Although not always explicitly cited, soil and its functions are essential in achieving most of the Sustainable Development Goals (SDGs). The achievement of the “Zero Hunger” and the “Life On Land” goals strongly depends on soil capacity to provide a medium for plant growth, while the “Climate Action” goal is very strongly related to the carbon storage of the soils. These are only examples, as soil provides many other ecosystem services thanks to the functions that it is able to carry out. However, the functioning of the soil is related to its properties and that is where basic disciplines and soil science meet and provide knowledge to reach these ambitious objectives.
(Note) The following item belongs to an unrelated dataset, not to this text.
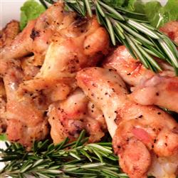 2. In a large bowl, toss wings with rosemary, garlic, oil, lemon pepper, and salt until coated. Line 2 large baking sheets with aluminum foil, and arrange wings on sheets in 1 layer. Bake 20 minutes, turn over, and bake another 15 minutes, or until juices run clear. Remove from oven.

In this lecture, Prof. Eleonora Bonifacio will provide an overview of the mechanisms that lie behind the carbon storage and stabilization capacity of the soil, the relationships between soil characteristics and the invasiveness of alien tree species, which threaten biodiversity, and the mechanisms allowing plant survival in harsh, low-fertility situations.

Prof. Eleonora Bonifacio

Professor of Pedology at the University of Torino (Italy), Dept. of Agricultural Forest and Food Sciences (DISAFA)Director of the Doctoral school of the University of Torino (since October 2021), and have previously been the coordinator of the PhD program in Agricultural, Forest and Food Sciences of the University of Torino (2018-2021).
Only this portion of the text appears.